Last week, we hosted a webinar discussing the emergency cannabis regulations released by the California state agencies in charge of administering the Medicinal and Adult-Use Cannabis Regulation and Safety Act (MAUCRSA). We had over 1,000 people sign up to find out what the California cannabis regulatory landscape will look like next year for cultivators, manufacturers, distributors, and retailers. It was a lot of fun!
During the webinar, we took questions from attendees, but we couldn’t get to all of them due to the sheer number of questions asked (and please keep them coming!). My colleague in our San Francisco office, Alison Malsbury, recently covered the webinar questions related to cannabis manufacturers, and in this post I’ll address the most-asked questions regarding cultivation. Without further ado, here’s the Q & A:
Q: Do you need to have a separate license if you want to have a nursery?
A: It depends. A nursery is a cultivation license type that authorizes a licensee to produce clones, immature plants, seeds, and other agricultural products for the reproduction and cultivation of cannabis. So long as you have a cultivation license from the California Department of Food and Agriculture (CDFA) you won’t need a separate nursery license for your own in-house cannabis reproduction requirements. Though you will need a nursery license if you want to distribute immature plants or seeds to another licensee.
Q: Is there a cap on the number of cultivation licenses you can hold?
A: There are currently fourteen different license types that fall under the CDFA’s jurisdiction (three more will be added in 2023). Twelve of the license types are distinguished by cultivation method (outdoor, indoor, and mixed-light) and canopy size (the designated area on the premises that contains mature cannabis plants). The other two license types are for nurseries and processors (discussed below). You can hold any number of these licenses except for the medium size a/k/a Type 3 cultivation license type (between 10,0001-22,000 square feet indoor or mixed light, and up to one acre for outdoor). For now, you (or your company) can only hold one Type 3 cultivation license at a time.
Q: Is there a statewide plant canopy cap?
A: The short answer is no, and we covered this question in greater detail here. This was by far one of the more controversial omissions to come out of the CDFA’s regulations. I call it an omission because when the CDFA released their medical regulations under the MCRSA (now withdrawn) back in April they placed a four-acre statewide cap on plant canopy for cultivators, which is now gone under MAUCRSA. Further upsetting the small-scale California cannabis farmer is the fact that in its Environmental Impact Report (released in November), the CDFA recommended a one-acre canopy cap. What motivated the CDFA to remove the acreage cap is anyone’s guess (although you can likely chalk it up to private interest lobbying of the CDFA).

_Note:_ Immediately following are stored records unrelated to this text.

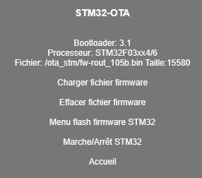 Cliquer sur "Menu flash firmware STM32", puis cliquer sur "efface STM32" attendre la confirmation "effacement réussi" puis cliquer sur "retour" et cliquer sur "Flash STM32", attendre la confirmation "60-220 ........ Terminé ! Redémarrage du routeur... etc"
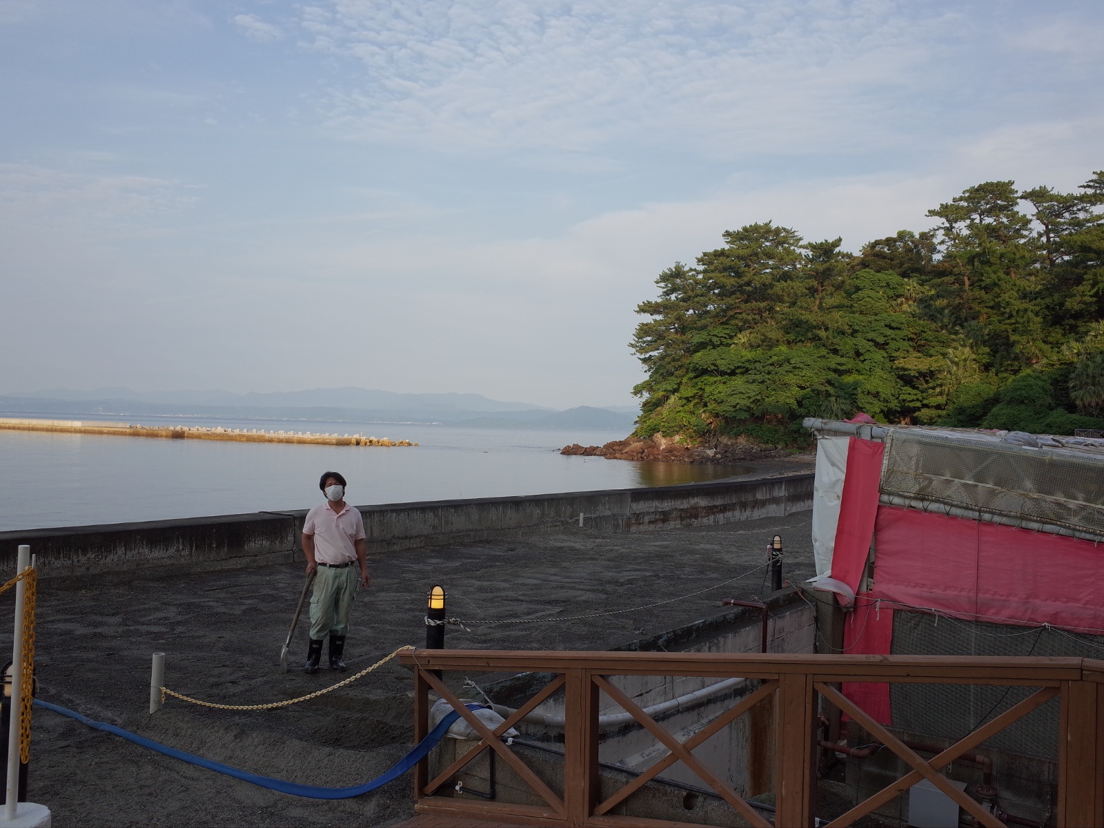 砂蒸し場ではフロントから連絡を受けた係員さんが待ち構えている。
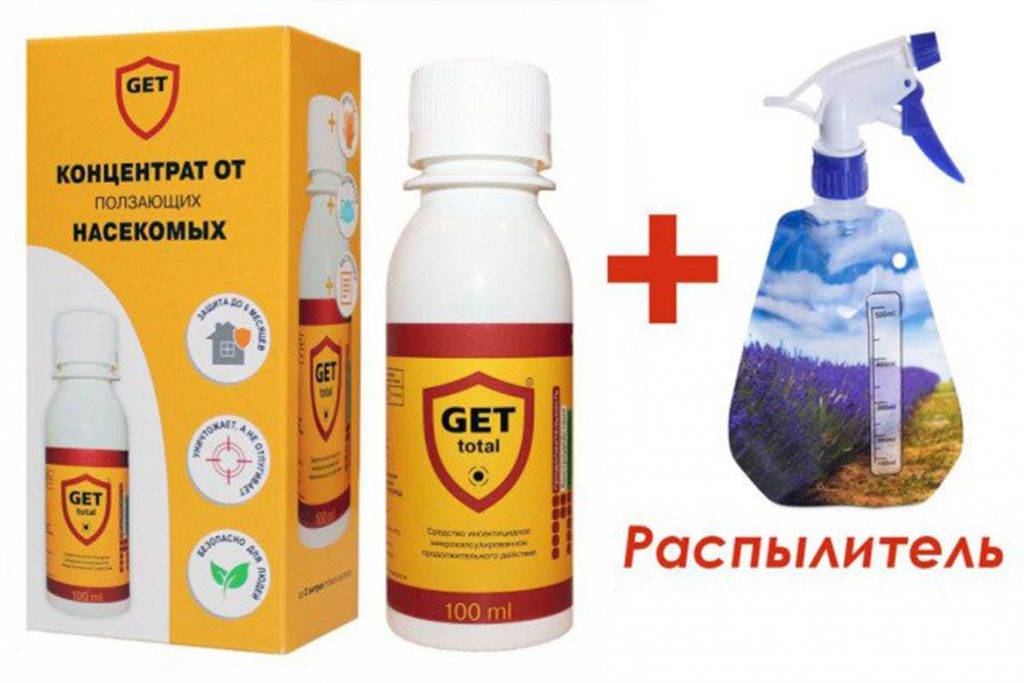 Особенность Get заключается в том, что активное вещество в нем заключено в микроскопические липидные капсулы. Это делает его безопасным, увеличивая срок хранения до полугода. Если хранить препарат в помещениях с повышенной влажностью, срок годности сокращается до 3-4 месяцев. В его составе имеются: отдушка, обладающая тонким ароматом апельсина и спирты. В продажу Get Total поступает в бутылочке белого цвета емкостью 100 мл.
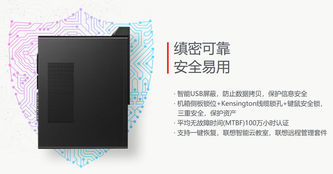 最后且最为重要的一点,联想启天M540商用台式机多项安全技术,直接有效地保护了企业数据和资产。智能的USB屏蔽可以防止数据拷贝,整机三重锁位有效保护资产,支持一键恢复方便办公使用。而多项认证可以帮助企业节省更多资源,减少消耗的同时践行绿色办公这一理念。
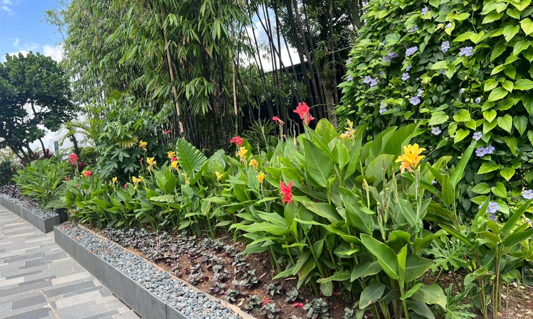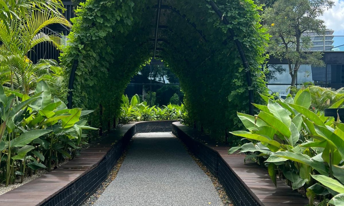 This showcases a thoughtfully designed outdoor space that blends functionality with natural beauty. The concept focuses on creating a welcoming and serene environment through structured greenery, clean pathways, and carefully selected plant arrangements that enhance the overall atmosphere.

Q: Will all cannabis cultivated before 1/1/2018 that enters the new market have to be tested?
A: Eventually all harvested cannabis that enters the commercial market will have to be tested but the Bureau of Cannabis Control (BCC) issued temporary rules to enable an orderly transition into the regulated commercial market for existing products, including flower. Until July 1, 2018, cannabis goods held by a licensee that were cultivated or manufactured prior to January 1, 2018 but that have not been tested may be transported and sold (with certain exceptions for manufactured cannabis goods). However, you’ll still have to affix a label to the cannabis product stating that it has not been tested and that includes the requisite government warnings.
Q: Can a cultivator transport their cannabis product to a manufacturer?
A: No. All transfer of cannabis from a licensed cultivation site must be conducted by a distributor licensed by the BCC. It’s important to note that a person or company can hold a cultivation and distribution license and they can do so on the same property so long each license type has its own separate and distinct contiguous premises on the property.
Q: Can you act as a processor if you have a cultivation license?
A: Yes. A processor is a license type that only allows for trimming, drying, curing, grading, packaging, or labeling of cannabis and non-manufactured cannabis products (i.e.,flower, shake, kief, leaf, and pre-rolls). If you hold a cultivation license (specialty cottage, specialty, small, or medium), you can process cannabis on your premises without having to obtain a separate processor license so long as you: 1) designate your processing area in your cultivation plan; and 2) you’re compliant with all packaging and labeling requirements. Notably, you cannot cultivate in the processing area and a stand alone processor cannot cultivate any cannabis.